=== Information ===
####

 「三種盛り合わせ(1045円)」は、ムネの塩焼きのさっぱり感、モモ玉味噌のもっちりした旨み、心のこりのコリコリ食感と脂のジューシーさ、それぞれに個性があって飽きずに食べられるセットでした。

####

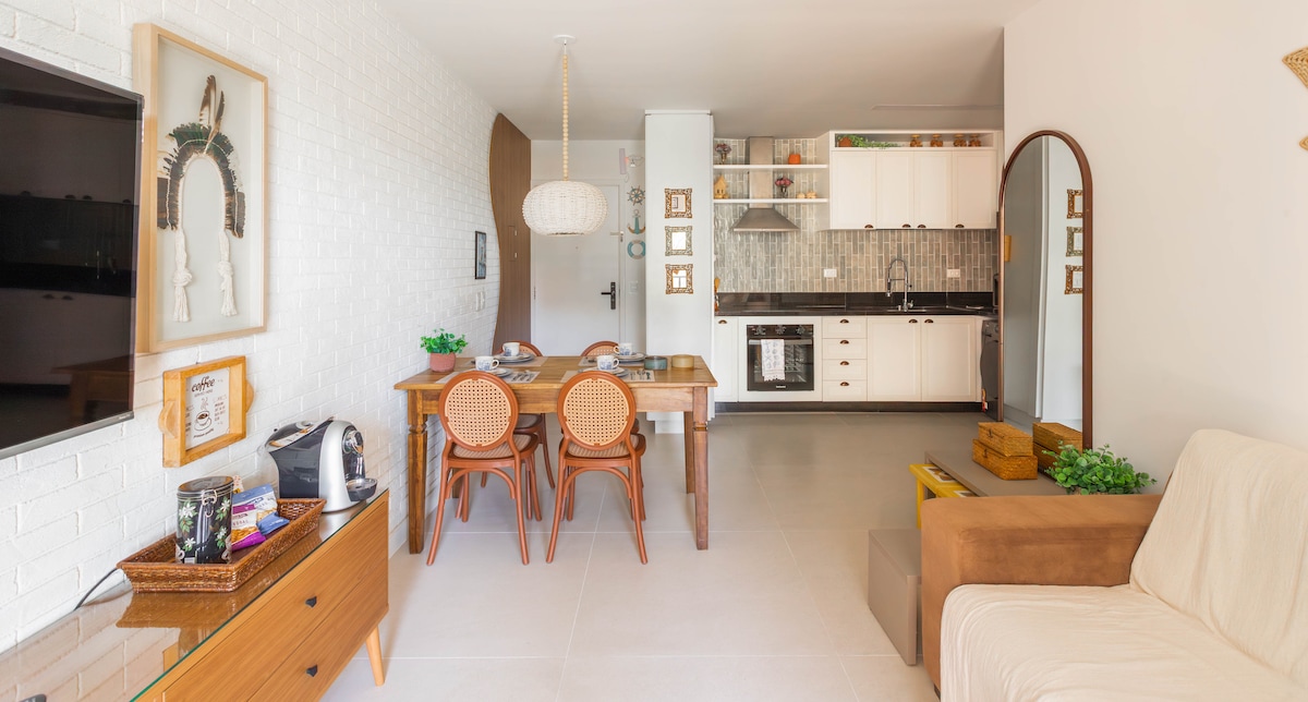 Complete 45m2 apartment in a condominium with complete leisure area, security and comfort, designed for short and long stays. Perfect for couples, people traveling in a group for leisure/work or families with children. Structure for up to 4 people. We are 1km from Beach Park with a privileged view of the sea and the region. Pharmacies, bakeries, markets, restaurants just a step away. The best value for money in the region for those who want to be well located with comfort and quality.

####

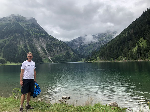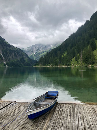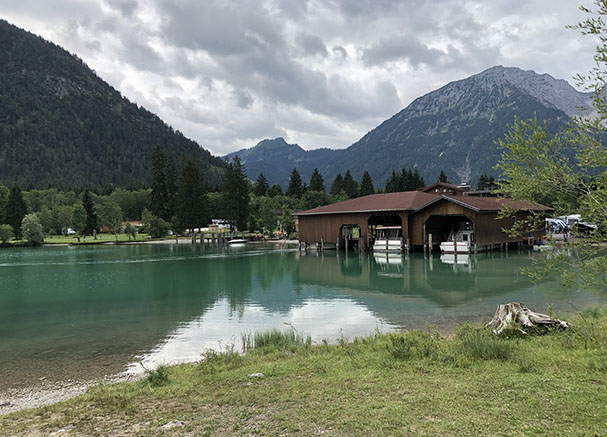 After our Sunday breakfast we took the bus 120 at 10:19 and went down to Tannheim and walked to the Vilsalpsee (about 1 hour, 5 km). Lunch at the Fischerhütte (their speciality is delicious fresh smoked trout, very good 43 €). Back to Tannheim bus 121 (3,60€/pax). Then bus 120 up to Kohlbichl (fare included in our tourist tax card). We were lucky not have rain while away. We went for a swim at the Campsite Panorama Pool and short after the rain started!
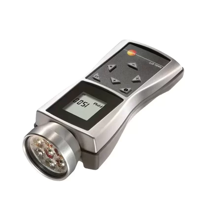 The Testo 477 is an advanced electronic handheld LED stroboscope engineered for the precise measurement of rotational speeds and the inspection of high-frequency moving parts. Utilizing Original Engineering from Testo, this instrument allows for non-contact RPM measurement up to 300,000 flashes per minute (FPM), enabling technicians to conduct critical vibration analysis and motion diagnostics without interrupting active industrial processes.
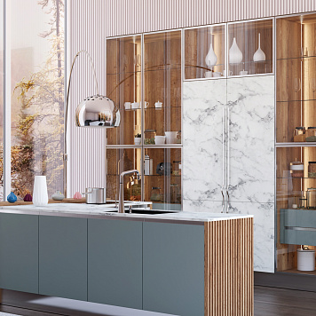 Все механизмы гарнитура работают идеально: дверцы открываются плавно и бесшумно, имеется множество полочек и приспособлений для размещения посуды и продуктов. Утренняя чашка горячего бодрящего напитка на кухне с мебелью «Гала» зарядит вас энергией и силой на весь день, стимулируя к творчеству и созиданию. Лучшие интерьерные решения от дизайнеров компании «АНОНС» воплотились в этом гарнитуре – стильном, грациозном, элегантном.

####

=== Task ===
Reproduce the data above exactly, but only from the line containing "After our Sunday" through the line containing "Все механизмы гарнитура"; skip the pictures.

=== Written answer ===
 After our Sunday breakfast we took the bus 120 at 10:19 and went down to Tannheim and walked to the Vilsalpsee (about 1 hour, 5 km). Lunch at the Fischerhütte (their speciality is delicious fresh smoked trout, very good 43 €). Back to Tannheim bus 121 (3,60€/pax). Then bus 120 up to Kohlbichl (fare included in our tourist tax card). We were lucky not have rain while away. We went for a swim at the Campsite Panorama Pool and short after the rain started!
 The Testo 477 is an advanced electronic handheld LED stroboscope engineered for the precise measurement of rotational speeds and the inspection of high-frequency moving parts. Utilizing Original Engineering from Testo, this instrument allows for non-contact RPM measurement up to 300,000 flashes per minute (FPM), enabling technicians to conduct critical vibration analysis and motion diagnostics without interrupting active industrial processes.
 Все механизмы гарнитура работают идеально: дверцы открываются плавно и бесшумно, имеется множество полочек и приспособлений для размещения посуды и продуктов. Утренняя чашка горячего бодрящего напитка на кухне с мебелью «Гала» зарядит вас энергией и силой на весь день, стимулируя к творчеству и созиданию. Лучшие интерьерные решения от дизайнеров компании «АНОНС» воплотились в этом гарнитуре – стильном, грациозном, элегантном.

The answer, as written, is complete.